Investing With Regret

Regret wrecks people’s finances like no other emotion. Nothing feels worse than missing out on a rally, except buying what turns out to be a top.

Retail investors were burned badly in 2000 and 2008. “Buy and hold” blew up in their faces. While stock prices lifted in step with the Fed’s balance sheet post-crash, the traumatized little guys sat out the stock market rise until the last year.

But now small investors are piling in again, and they’re investing like it’s 1999. “I could see it going up maybe 50% at a minimum, just being conservative,” a 35-year old computer programmer told the Wall Street Journal, talking about the stock price of a small biotech company he was pouring his 401(k) money into.

More money flowed into mutual funds and exchange-traded funds last year than ever before. Even more than in 2000, the tech bubble year. 2013 was the first year investors took money out of fixed-income funds after three straight years of dumping it into them.

The stock market is one giant roller coaster of regret for retail investors. Regret for not getting in… regret for getting in too late… regret for being left holding the bag.

Behavioral economics pioneer and Nobel Prize winner Daniel Kahneman quotes two Dutch psychologists about regret in his bestseller Thinking, Fast and Slow. They noted regret is “accompanied by feelings that one should have known better, by a sinking feeling, by thoughts about the mistake one has made and the opportunities lost, by a tendency to kick oneself and to correct one’s mistake, and by wanting to undo the event and to get a second chance.”
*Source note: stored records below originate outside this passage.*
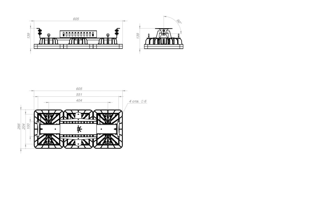 Габариты светильника ДхШхВ, мм: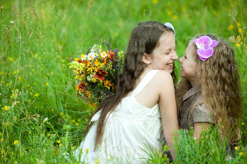 Две девочки с букетами полевых цветов сидят на лужайке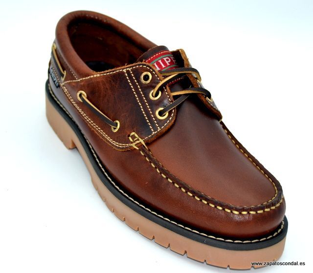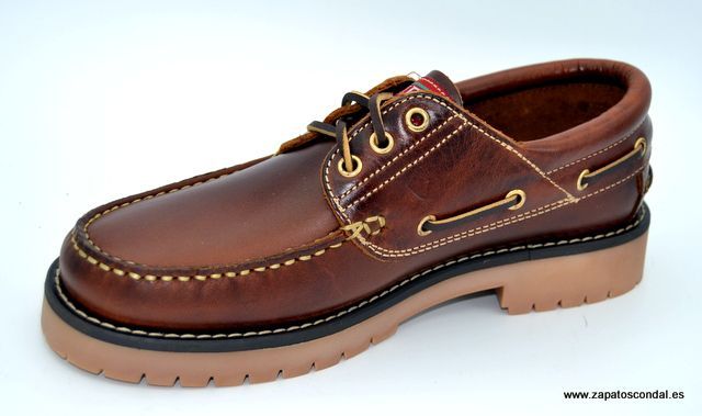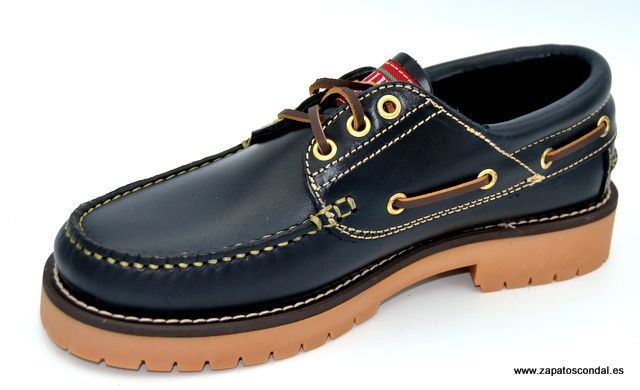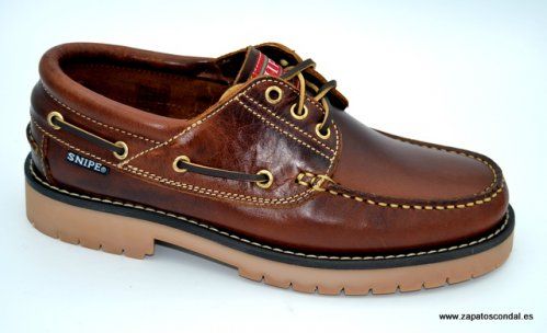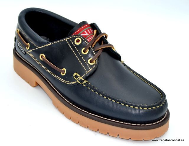 Snipe modelo 21201. Zapato naútico de piel, forro de piel, suela de goma cosida. Disponible en azul marino y marrón seahorse.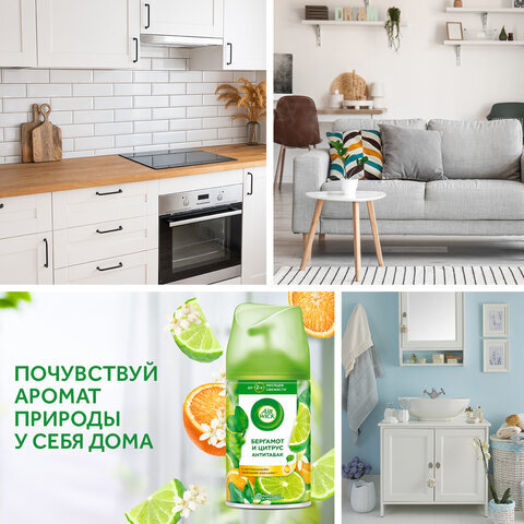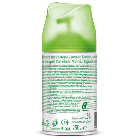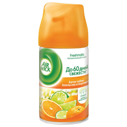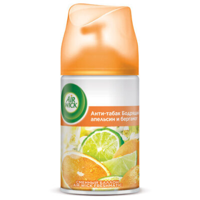 Сменный баллон 250 мл, AIRWICK "Анти-табак. Апельсин/бергамот", для автоматических освежителей, универсальный, 224392

Studies of investor brains during experiments simulating stock market investing show the variable that most drove behavior in the investment game, in all markets, was the “r-word.”
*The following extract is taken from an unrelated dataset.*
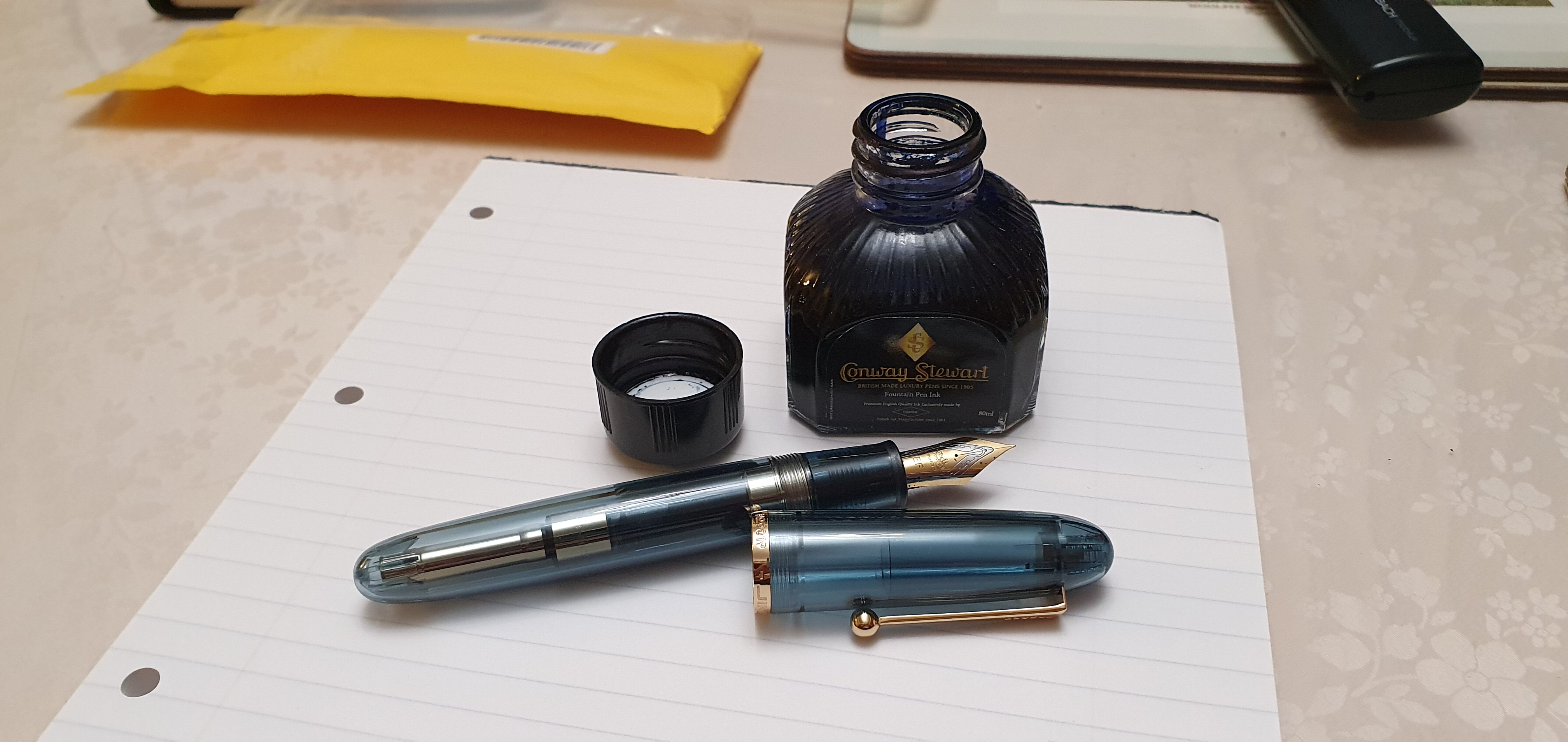 At the end of this exercise, I filled the pen with Waterman Serenity Blue, and tried writing on a Stalogy A5 notebook. Success! The pen writes very nicely. Whilst the generous blob of tipping suggested a Broad nib, the line is closer to a Medium.

Regret was a big factor when subjects changed their investments and also “showed up as an extremely strong neural signal in a reward-decision-making region of the brain, the ventral putamen, the same site where reward-prediction error signals appear,” writes neuroscientist Dr. Read Montague. Thus, the brain treats counterfactual experience the same as it does real experience.

Regret, in this case, is the difference between the value of what is and the value of what could have been. Dr. Montague offers what he calls a pseudo-equation: “Terry Malloy’s Regret equals (value of being a contender minusvalue of being a bum). Why this is important is something called dopamine, a chemical in the brain that helps humans decide how to take actions that will result in rewards at the right time.”

As investors pile into high-flying stocks, they receive a dopamine kick to their brains similar to the sensation a drug addict receives when getting high, or the response our brains receive during sex.

The sensation occurs in anticipation of the great returns. Getting what we expect doesn’t provide a dopamine rush, only unexpected gains do. The same way an addict needs larger doses, market investors crave more risk.